A Writer’s Website

Monday, February 8, 1988: LOCUS

Charlie wants us to get the issue out, the first part that is, by Friday, which means I’ll probably be putting in some late hours this week. He has “promoted” me from Editorial Assistant to Production Assistant, mainly so he can list Shelly as Editorial Assistant on the colophon. Trevin is now “librarian.” He was listed as Editorial Trainee for months and he’s leaving in a few weeks to go back to school.

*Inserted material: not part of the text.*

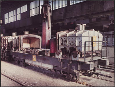 Trein voor het transport van metalen blokken binnen de …

Today, Tim went through all the papers piled on the coffee table and “organized” then into various places in the apartment. I would never have had the courage. There are articles of correspondence, like IRS forms, that I can’t handle without building up to a heart-pounding anxiety attack. There are others, (like the letter from our last landlord about the cleaning bill) that I don’t even read. I just note there is writing on the paper, have Tim relay to me whether we need to send money or not. I’ve tried reasoning out these nervous seizures of mine and what it comes down to is that I am afraid of being yelled at by my father, an IRS agent, my tax filer, my landlord, Tim and/or my bank. (I’m not afraid of Charlie yelling at me. That’s what he does.) I don’t envision poverty, prison, or public disgrace — just the horrible prospect of having to explain myself. Maybe it has something to do with all those years in Catholic schools.

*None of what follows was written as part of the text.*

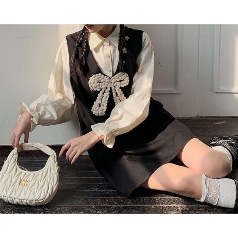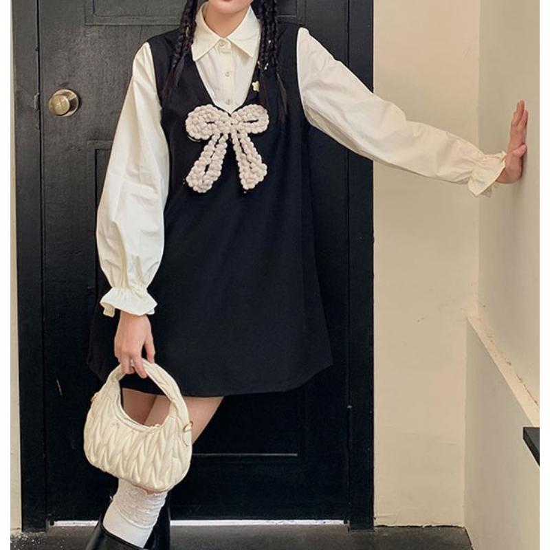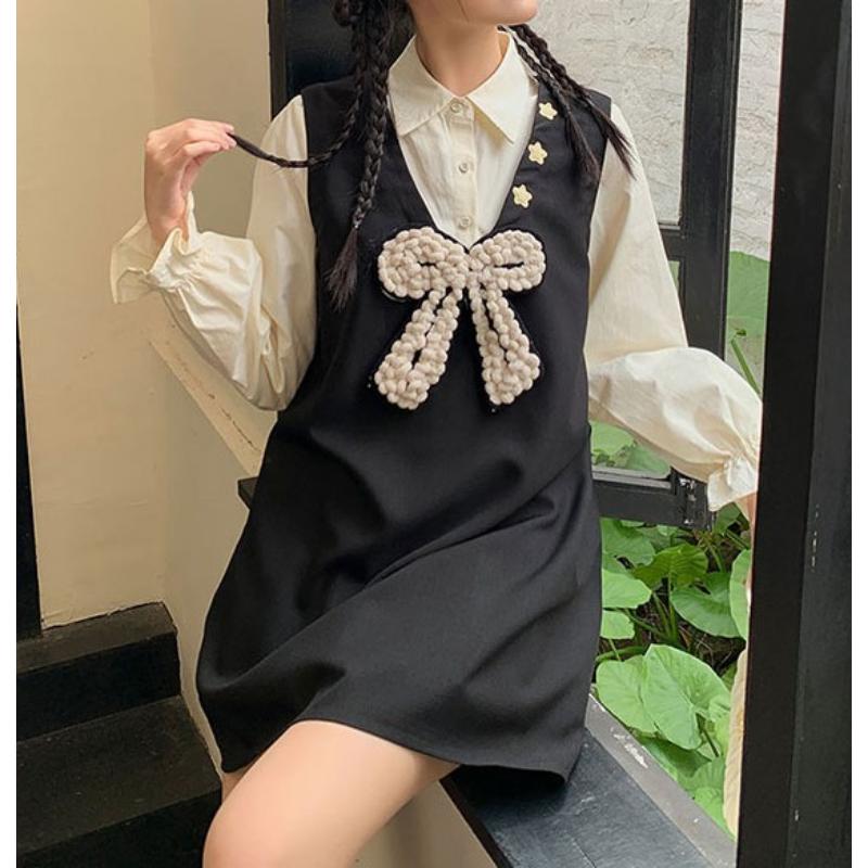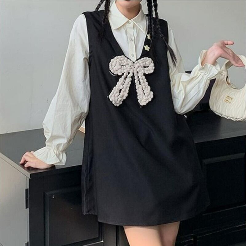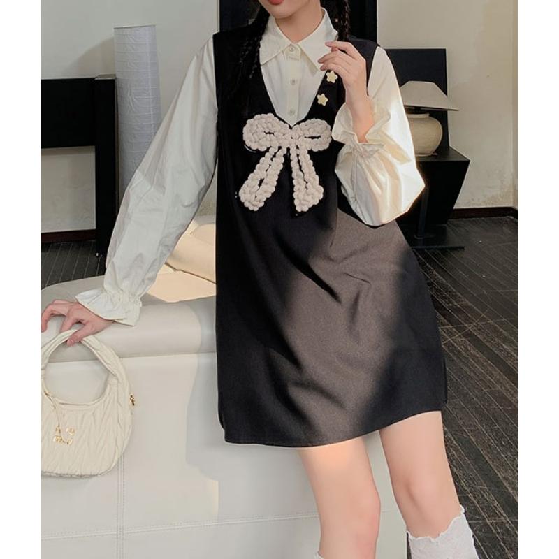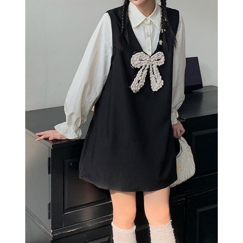 girly cute princess style ribbon fake two-piece shirt dress 0786

“Charlie” was Charlie Brown, editor of Locus Magazine, the science fiction trade magazine where I was working at the time. He was a round, bearded, wall-eyed professional fan, a bully to his small, mostly female staff, but a good friend to writers he respected. The magazine, which is still around, and started as a single page promotional flyer in 1968, was published back then out of his house up in the Montclair Hills. Charlie grossly underpaid us, but we had free access to all the Stouffer’s frozen dinners in his freezer for lunch, and working at Locus could mean meeting in person science fiction luminaries like Robert Silverberg, Fritz Leiber, Lucius Shepard, Lisa Goldstein, and Marion Zimmer Bradley. Brushes with greatness over the phone included Arthur C. Clarke , Robert Heinlein and Ursula Le Guin. Harlan Ellison hung up on me at least once.